O ministro vai ao Xingu. Vê o rio, pede que se retirem os fotógrafos e, junto com amigos, mergulha nu nas águas límpidas.
Ninguém se importou com o mergulho. Mao Tse Tung nadou em três rios, para protestar contra a burocracia asfixiante. Os hindus banham-se no rio para se purificar.
O ministro tinha tirado o terno, a gravata, os sapatos para aprender com os índios que era bom mergulhar ali, naquele momento.
A única lei em vigor era a que nos devolve à natureza.

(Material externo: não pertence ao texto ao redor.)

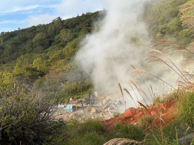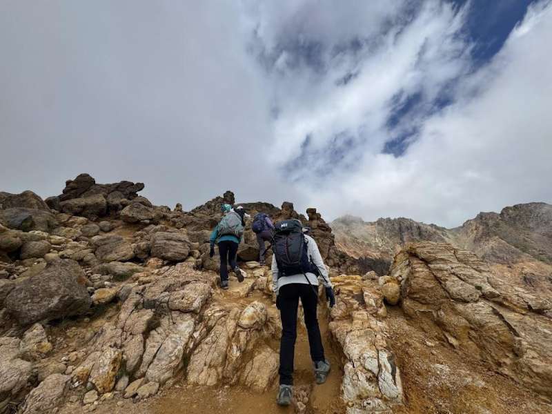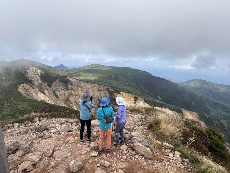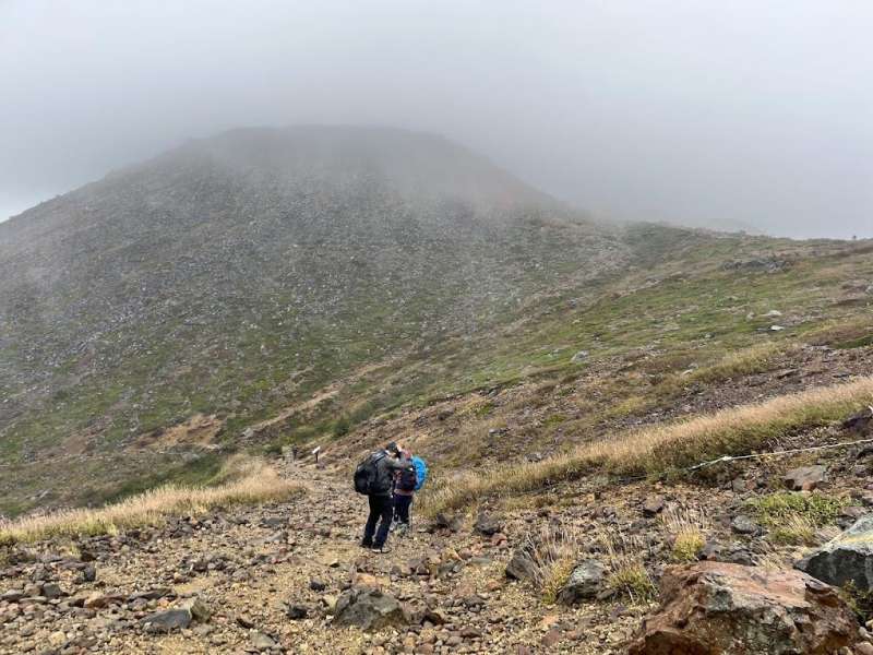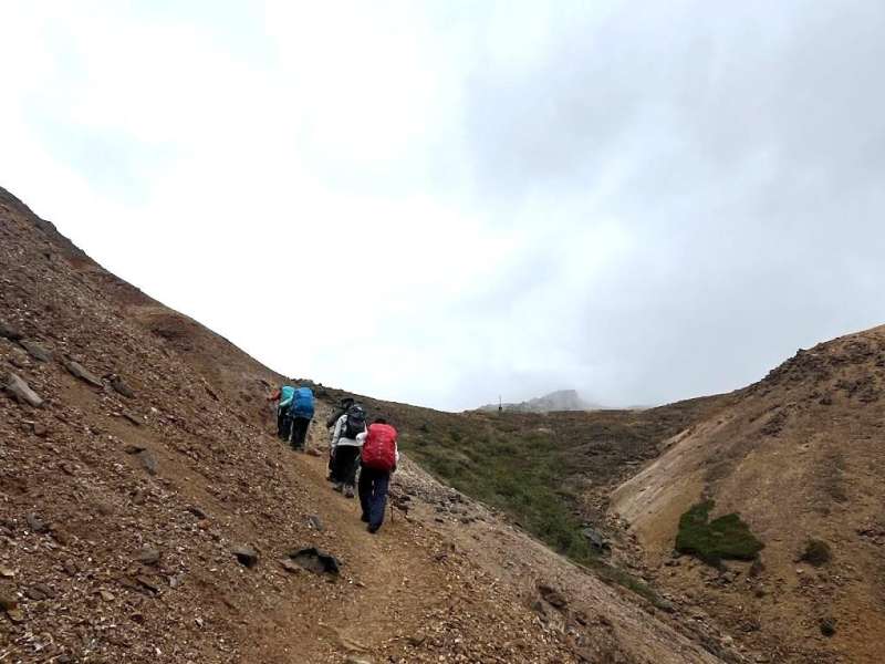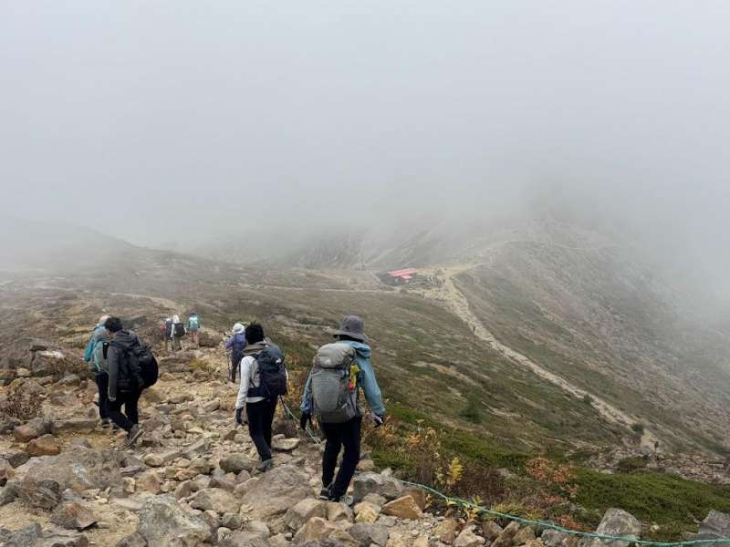 9/28 那須岳ロープウェイ山頂駅まで時間どおり到着。茶臼岳に向かい登山開始から曇りでガス多め。雲の切れ間から時折山頂景色が見え隠れし、景色はコロコロ変わる。茶臼岳に登頂した時も辺りは真っ白だったが、お鉢回りで山頂の祠付近にいた時、少しの間雲が引き、お鉢の中をはっきりと見ることができた。風が強いのでお鉢をまわったら峰の茶屋まで下りる。風の当たらないところで昼食休憩をとった。朝日岳に向かい少し行くと岩稜帯が朝日の肩まで続く。全員問題なく通過していた。朝日の肩にザックを置いて朝日岳登頂。朝日岳山頂では雲が引き、青空も見え、辺りの山並みと始まったばかりの紅葉風景がとても綺麗だった。名残惜しくも朝日岳を跡にして隠居倉への尾根を歩く。隠居倉を通過し、しばらく行くと煙が立ち上っていた。三斗小屋温泉煙草屋の露天風呂源泉だった。そこからまた歩き三斗小屋温泉大黒屋到着。温泉に浸かり、夕食、泊。宿のご主人によると今夜から雨、明日の午前中まで降ったり止んだり。雨が上がると風が強まる予報。明日の三本槍岳は無理しないで、とのこと。

Foi bom para você? Ninguém perguntou ao ministro. As fotos saíram nas capas de jornais, o ministro com a cabeça de fora, pronto para mergulhar de novo onde todos os ministros deveriam mergulhar um dia: nas águas do Xingu.
Quem sabe os fotógrafos também, depois de enviarem seu trabalho, dos transtornos da transmissão, do medo do editor escolher a pior foto, quem sabe eles também não deram seu mergulho?
A foto do ministro correu mundo. Bateu na mesa de outros ministros, no princípio do outono para alguns. Devem ter pensado: há muitos problemas ali, mas aquele rio...
Os índios deviam chamar todo o governo do Brasil e oferecer um banho. O próprio presidente, se um dia aparecesse por lá...
Nossa imagem? Bem, podemos escolher duas alternativas: somos um povo que fica de gravata diante do rio ou tiramos a roupa e caímos na água?
É uma questão de escolha. Amantes não hesitariam: "Take me to the river/drop me in the water", diz a canção romântica.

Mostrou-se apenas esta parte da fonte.